Les terres où il cultive aujourd’hui la goyave à grande échelle (26 hectares) - et où il est même impliqué dans le processus d’exportation - abritent également quatre pépinières et des plantations de mangues, de courges et de diverses autres cultures.

Au total, la zone de Herradura compte 32 hectares qu’Alexander transforme à force de travail et de détermination depuis six ans.

Selon lui, l’agriculture n’est pas un commerce, mais un métier, et pour obtenir des résultats, il faut connaître les caractéristiques du sol où l’on va travailler.

Plus que les engrais et les pesticides - qui sont sans aucun doute nécessaires - il estime que la principale ressource pour faire produire la terre est l’homme.

Avec l’autorité que lui confère le fait d’avoir livré près de 500 tonnes de goyaves l’année dernière (la plupart à l’industrie) et d’avoir obtenu des rendements allant jusqu’à 160 livres par plante, il reconnaît que le travail dans les champs est l’une des activités économiques les plus difficiles et les plus risquées qui soient, en raison du nombre d’"ennemis extérieurs", tels que les ouragans, les pluies excessives, les maladies et la sécheresse.

Néanmoins, il assure que dans les conditions actuelles, malgré toutes les limitations en termes d’intrants, il n’est pas impossible de produire de la nourriture à Cuba. En particulier pour les cultures traditionnelles moins exigeantes en termes de ressources, comme le manioc, la patate douce ou le potiron.

"Je pense que l’un des plus grands problèmes de la production alimentaire aujourd’hui est que nous sommes peu nombreux à exercer cette activité.

"Il y a beaucoup plus de gens qui demandent à produire que de gens qui produisent", explique-t-il.

En ce qui concerne les prix de plus en plus élevés des produits agricoles, il estime que deux éléments doivent être pris en compte.

"Je suis ingénieur, je passe mes contrats directement avec l’industrie, j’ai un avocat qui me conseille, mais il y a d’autres agriculteurs qui n’ont pas les mêmes possibilités, et ils dépendent de ces gens qui sont entre le sillon et la palette pour la commercialisation, et à cause de cette dépendance à l’égard d’un organisme de commercialisation, les prix montent souvent en flèche".

D’autre part, il explique que les agriculteurs font partie d’une société marquée par l’inflation. Leurs ménages demandent également tous ces produits de première nécessité qui sont aujourd’hui extrêmement chers. Ainsi, lorsqu’on analyse les prix des produits agricoles, on ne peut pas se contenter de regarder les prix de revient, sans tenir compte du contexte.

Quant à son attitude lors de la dernière foire agricole de Pinar del Río, il affirme qu’elle n’a rien d’extraordinaire. "À plusieurs reprises, nous avons également fait des dons aux principaux hôpitaux de la province.

"Dans les campagnes, il y a toujours des produits qui se gâtent avant d’être commercialisés.
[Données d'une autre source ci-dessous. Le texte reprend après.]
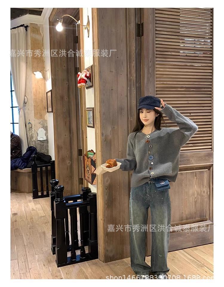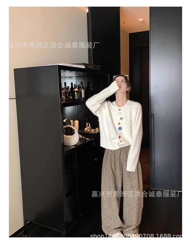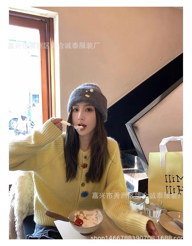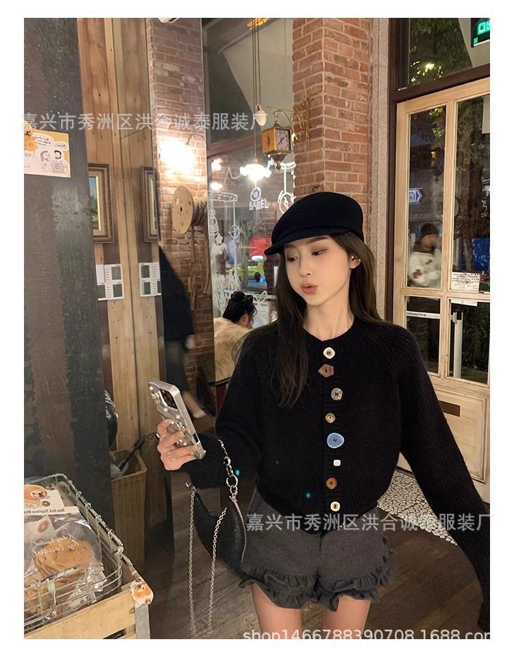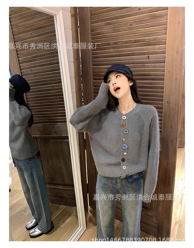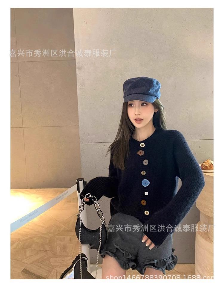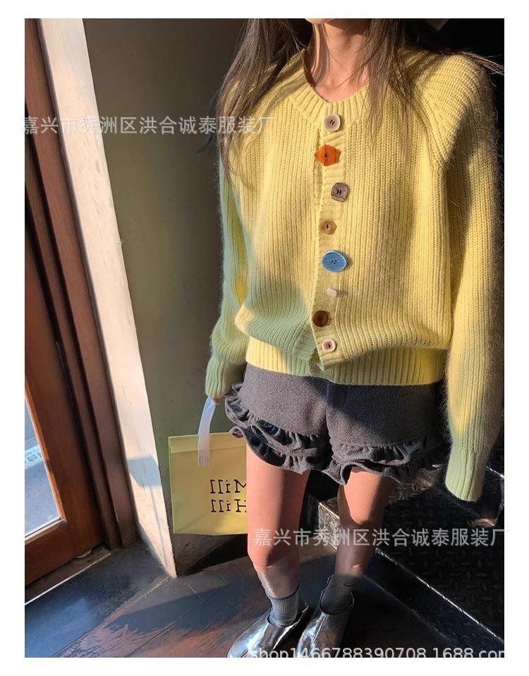 Diseño nicho sentido irregular color botón punto cárdigan mujer otoño e invierno nuevo estilo coreano reductor de edad estilo suave suéter abrigo

Il serait donc injuste que quelqu’un vienne nous voir pour avoir besoin de goyaves et que nous ne puissions pas lui en donner.

"En fait, dans notre exploitation, c’est une chose normale, presque une loi. Si quelqu’un vient nous voir pour chercher un fruit dans nos pépinières, ou un fruit pour une personne malade ou pour tout autre problème, nous lui en faisons cadeau. Heureusement, nous avons une production suffisante pour le faire".
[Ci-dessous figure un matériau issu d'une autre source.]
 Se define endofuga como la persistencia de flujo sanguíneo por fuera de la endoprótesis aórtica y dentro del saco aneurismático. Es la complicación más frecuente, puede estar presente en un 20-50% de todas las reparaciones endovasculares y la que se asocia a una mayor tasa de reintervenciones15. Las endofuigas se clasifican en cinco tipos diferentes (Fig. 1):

Dans la publication qui allait devenir virale en quelques heures et attirer l’attention sur cet agriculteur engagé et altruiste, il ne manquait qu’un détail, que l’auteur a omis parce qu’au moment de la rédaction, il ne s’était pas encore produit.

À la fin de la foire, Alexander a transporté les fruits invendus à l’hôpital Abel Santamaría et en a fait don.